Where in the world is Muscle Bob Buff Pants?

April 21, 2009

By Chantelle Lusebrink

Sunset Elementary School students learn while tracking him down

 

Fifth-grader Kayleigh Bangs holds Muscle Bob Buff Pants in front of the Chichén Itzá, an ancient Mayan temple, on a family trip to the Yucatan Peninsula in Mexico. Contributed

Fifth-grader Kayleigh Bangs holds Muscle Bob Buff Pants in front of the Chichén Itzá, an ancient Mayan temple, on a family trip to the Yucatan Peninsula in Mexico. Contributed

Wild adventures among ancient ruins in Cancun, Mexico; spring training with the Mariners in Peoria, Ariz.; and rustlin’ up grub in San Antonio, Texas. With all that travel, it’s a wonder this student can keep up with his homework.

 
Though fifth-grader Muscle Bob Buff Pants — a stuffed replica of the famous cartoon character SpongeBob SquarePants — can’t leave the classroom on his own, he has hit the road with several of his classmates to see parts of the world people dream of. 

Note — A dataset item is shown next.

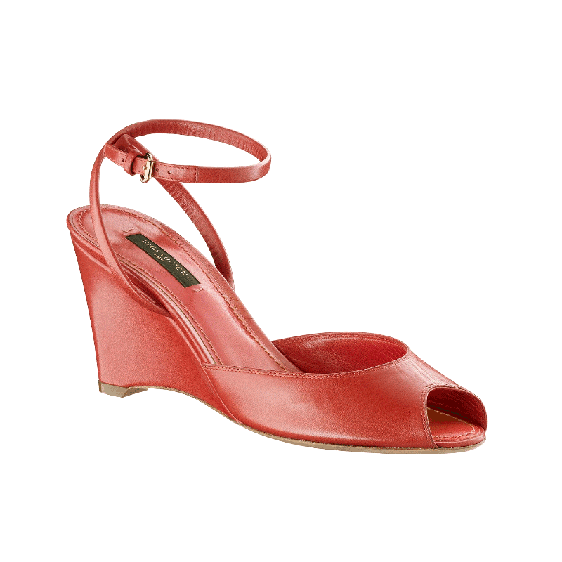 Designed by Sofia Coppola in collaboration with Louis Vuitton, this chic peep-toe wedge sandal in soft goat leather reflects Sofia Coppola's signature classic elegance and understated chic.

“He’s a class mascot that travels home with the teachers or the students for the weekend,” said Lisa Stix, a fifth-grade teacher at Sunset Elementary School. “He has mostly traveled around town locally, to kids’ games or to the Seattle Center, but he has also traveled with students who are going out of town on vacations.”Stix and her teaching partner, Gina Montgomery, share the fifth-grade class as part-time teachers. Stix specializes in writing and came up with the idea of a class mascot, not only to make the class memorable, but also to improve her students’ writing proficiency. 

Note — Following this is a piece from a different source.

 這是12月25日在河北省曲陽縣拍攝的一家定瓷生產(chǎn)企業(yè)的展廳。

“Though it’s fun, it’s a way to work on their writing skills. Each student that takes him home has to write about his travels and take pictures,” she said.

Students ask to bring Muscle Bob home on the weekend. Or, when there is a schoolwide break, students tell other classmates where they are going and they vote who to send Muscle Bob home with, she said.

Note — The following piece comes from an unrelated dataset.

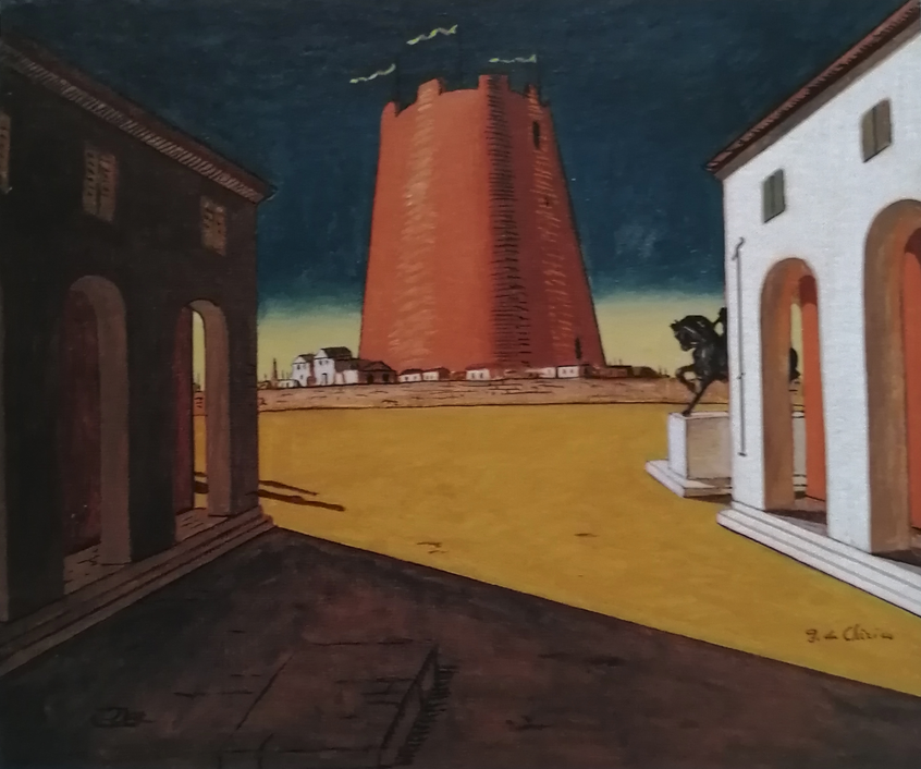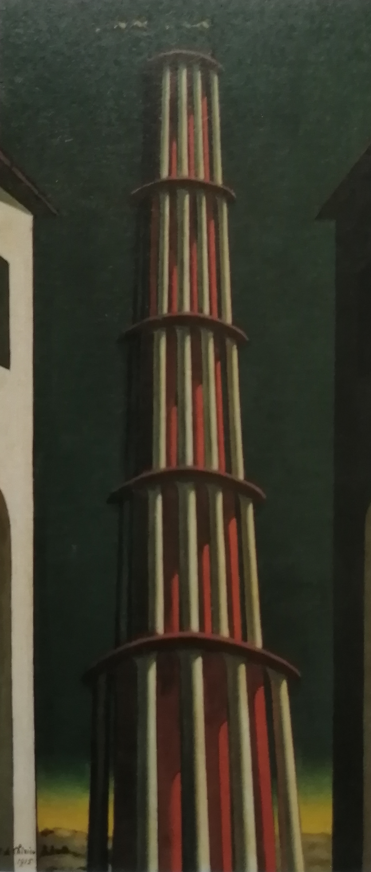 私がキリコ作品で好きなのは、‘大きな塔(1915)’やバラ色の塔のあるイタリア広場(1934頃)’など、深い陰影を用いて描かれた塔や広場で、人の気配をあえて排除したかのような無機的な感じの作品です。

The class voted to have Muscle Bob travel to New York at Thanksgiving and to the University of Southern California and Maui earlier this year. 

When they return, students share their narrative adventures with the class in a presentation. They tell their story from Muscle Bob’s perspective, download photos of their adventure into their presentation and share a little about the places they went, like the culture, weather, food and geography.

“The best place was Mexico, because it was international and out of the country,” said Naoki Kida, a student in the class who took Muscle Bob to Peoria for the Mariners’ spring training. 

“I really learned about the culture and it was very interesting,” said Kayleigh Bangs, the student who took him to Mexico. “We went to the pyramid there, and it was really big and crumbling a little.”

Kayleigh and her family made sure Muscle Bob visited one of the largest Mayan pyramids at Chichén Itzá on the Yucatan Peninsula along Mexico’s gulf coast.

“It’s just so neat to see what they come up with and not just the students who have him travel with them,” Stix said. “There’s everything from daily life, where one student showed Bob pulling a consequence out of their family’s consequence jar and the ‘here’s what life is like at my house’ to car rides, plane trips and walks along tropical beaches.

“It’s also been fun to see all the pictures of their families and extended family, like aunts and cousins,” she added. 

The class project has drawn schoolwide interest since fall.

“It’s grown into a huge project,” Stix said. “In fact, we had a board here where we mapped his journeys, but then we ran out of room, so we put up a board down near the lunchroom.”

The board takes up one wall of the hallway and is filled with strings to places he’s been, essays about his travels and photos from his trips, so others can learn about places inside and outside Washington.

“It kind of makes me want to visit Mexico,” said student Lauren Longo.

“I want to go to Texas, because I’ve never been there,” said Caroline Mull, another student. “It sounds like a fun place to go and it’s hot.”